**AIM OF THE EXERCISE**
From first line to last, copy the listing exactly and omit its pictures.
_ _ _ _ _ _ _
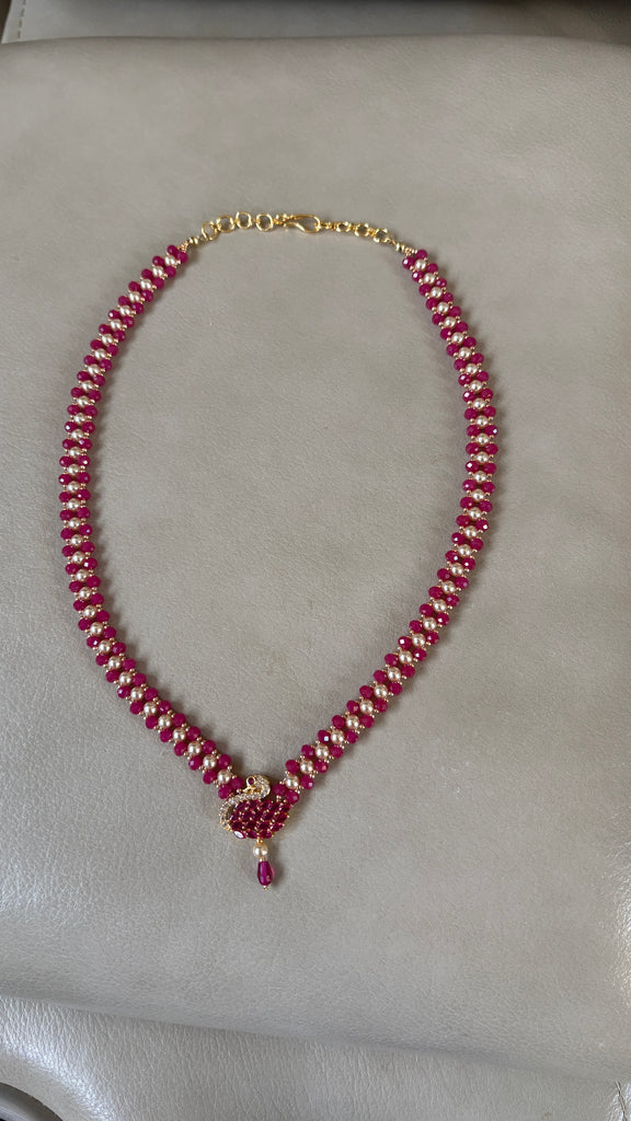 CHETAN RUBY AND SWAROVSKI PEARL NECKLACE
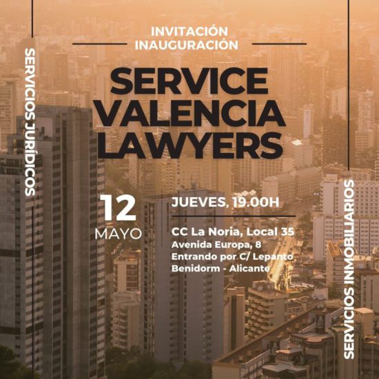 Pásate por el Centro Comercial La Noria, local número 35 (entrando por la Calle Lepanto) este jueves 12 de mayo a partir de las 19h, y disfruta de la fiesta de inauguración de Service Valencia Lawyers. Conoce a su equipo de profesionales e infórmate de todos los servicios legales e inmobiliarios que han llegado a Benidorm para revolucionar el sector.
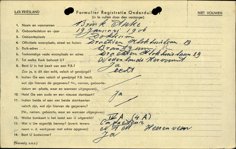 Duikadres: Brantgum - Oorspronkelijk adres: Klokhuislaan 19, Drachten - Reden onderduik: staking - Overige opmerkingen: Bijzondere opmerkingen: Inboedel nog niet nagezien net aangekomen.
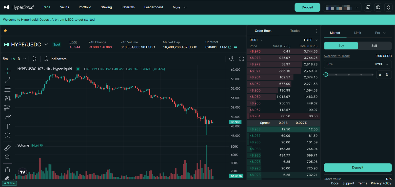 1. Get USDC on Hyperliquid. (https://app.hyperliquid.xyz/trade)
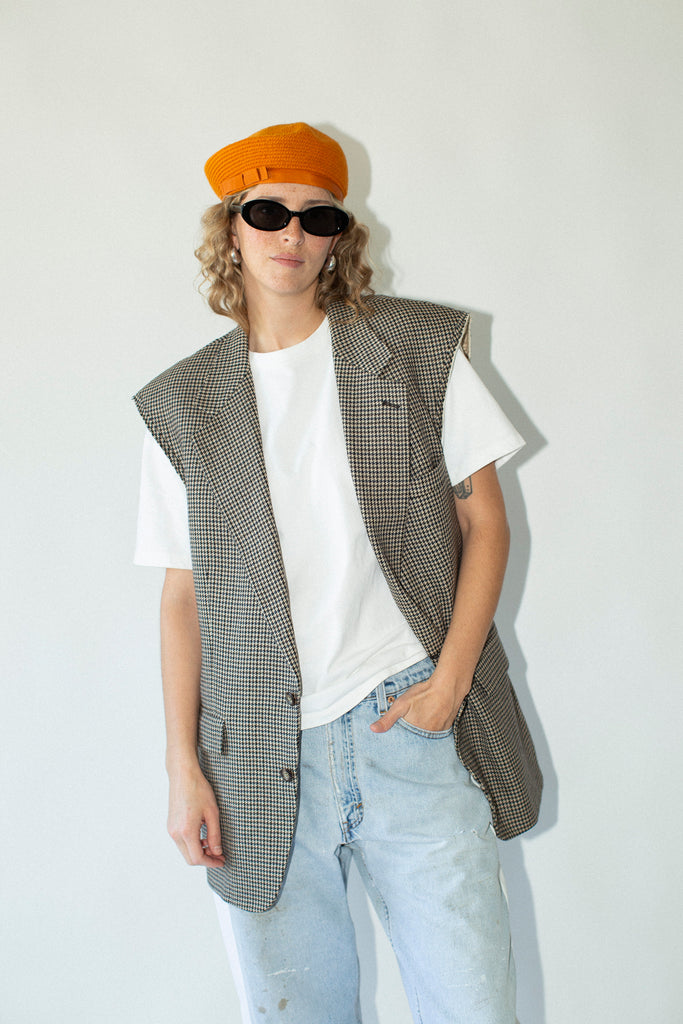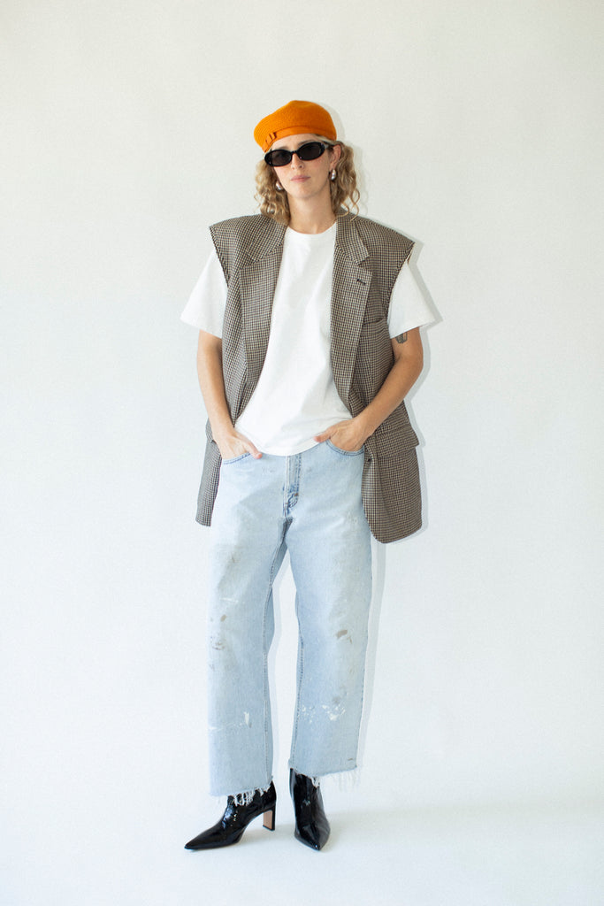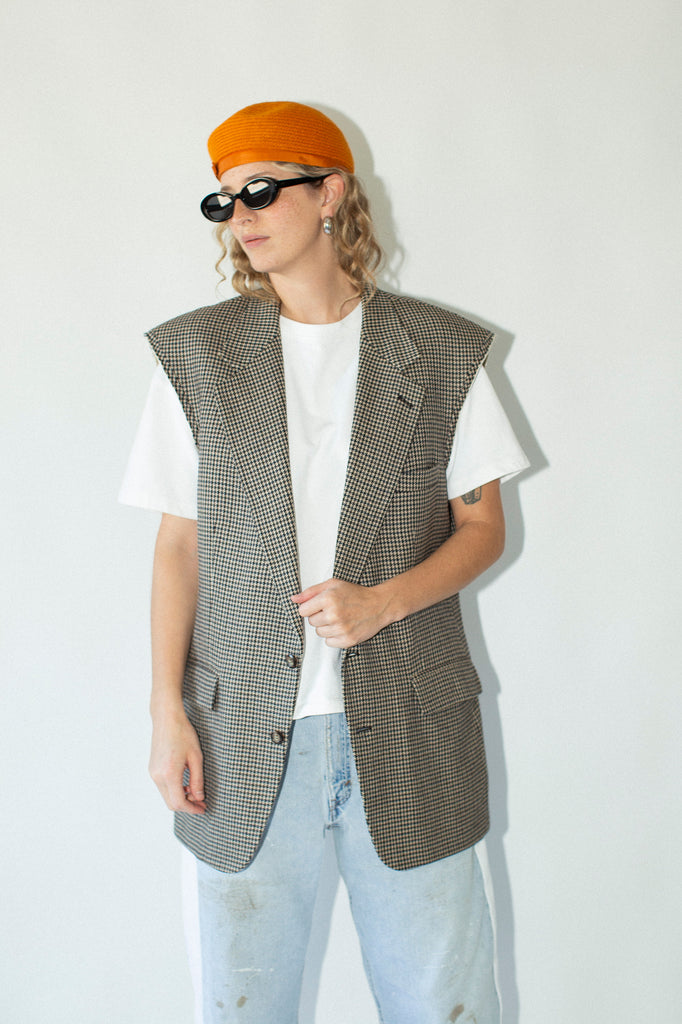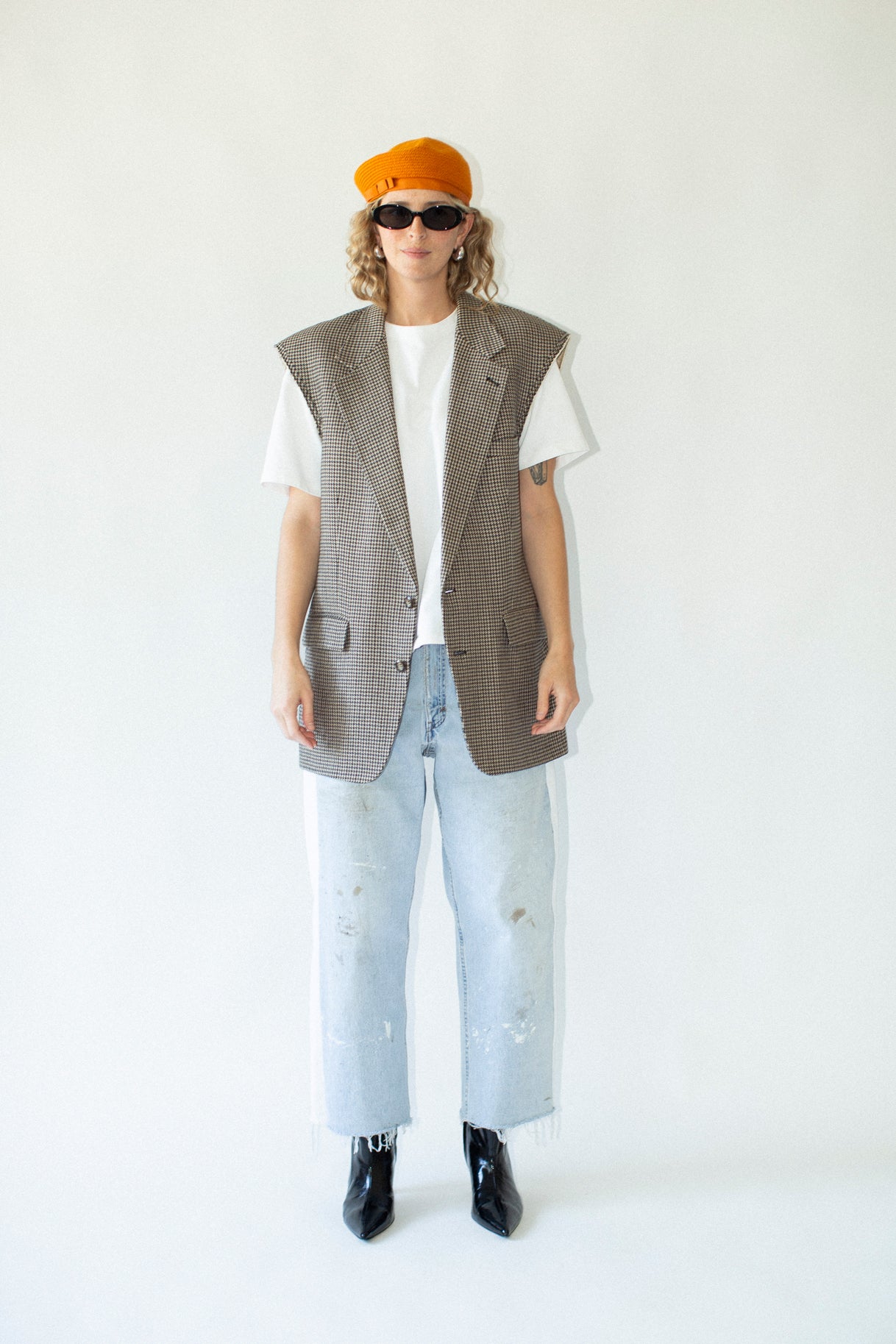 Created in collaboration with Makaila Hanley, our Deconstructed Blazer Vest is a one-of-a-kind piece transformed from hand-selected vintage men's blazers.
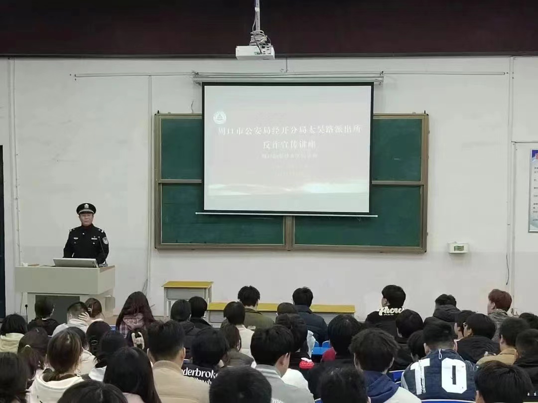 为进一步增强师生防范电信网络诈骗意识,提高网络诈骗辨别能力,有效的预防和遏制电信诈骗案的发生。2024年3月14日周口市公安局经开分局太昊路派出所民警在五区四楼多媒体教室开展反诈骗宣传讲座活动,yl23411全体团学骨干积极参加。
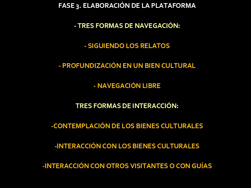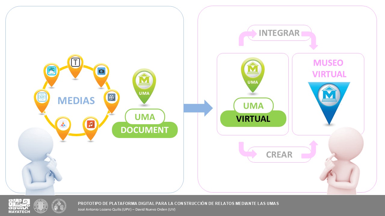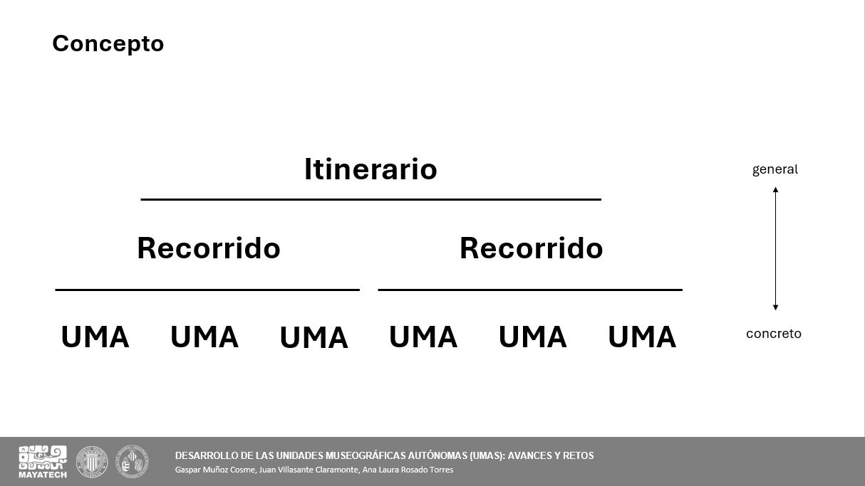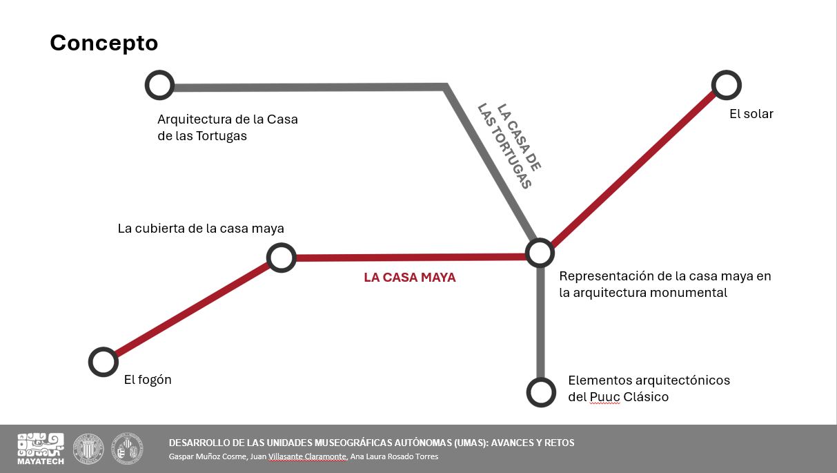 Se presentaron los conceptos básicos que deben regir y organizar el museo virtual. Este se basa en el esquema Itinerario → Relato → UMA, donde esta última es la unidad mínima que aporta información y con significado propio. El relato es una pieza fundamental pues permite organizar y entender conceptos amplios y transversales a la cultura maya.
_ _ _ _ _ _ _
**TASK RESPONSE**
 CHETAN RUBY AND SWAROVSKI PEARL NECKLACE
 Pásate por el Centro Comercial La Noria, local número 35 (entrando por la Calle Lepanto) este jueves 12 de mayo a partir de las 19h, y disfruta de la fiesta de inauguración de Service Valencia Lawyers. Conoce a su equipo de profesionales e infórmate de todos los servicios legales e inmobiliarios que han llegado a Benidorm para revolucionar el sector.
 Duikadres: Brantgum - Oorspronkelijk adres: Klokhuislaan 19, Drachten - Reden onderduik: staking - Overige opmerkingen: Bijzondere opmerkingen: Inboedel nog niet nagezien net aangekomen.
 1. Get USDC on Hyperliquid. (https://app.hyperliquid.xyz/trade)
 Created in collaboration with Makaila Hanley, our Deconstructed Blazer Vest is a one-of-a-kind piece transformed from hand-selected vintage men's blazers.
 为进一步增强师生防范电信网络诈骗意识,提高网络诈骗辨别能力,有效的预防和遏制电信诈骗案的发生。2024年3月14日周口市公安局经开分局太昊路派出所民警在五区四楼多媒体教室开展反诈骗宣传讲座活动,yl23411全体团学骨干积极参加。
 Se presentaron los conceptos básicos que deben regir y organizar el museo virtual. Este se basa en el esquema Itinerario → Relato → UMA, donde esta última es la unidad mínima que aporta información y con significado propio. El relato es una pieza fundamental pues permite organizar y entender conceptos amplios y transversales a la cultura maya.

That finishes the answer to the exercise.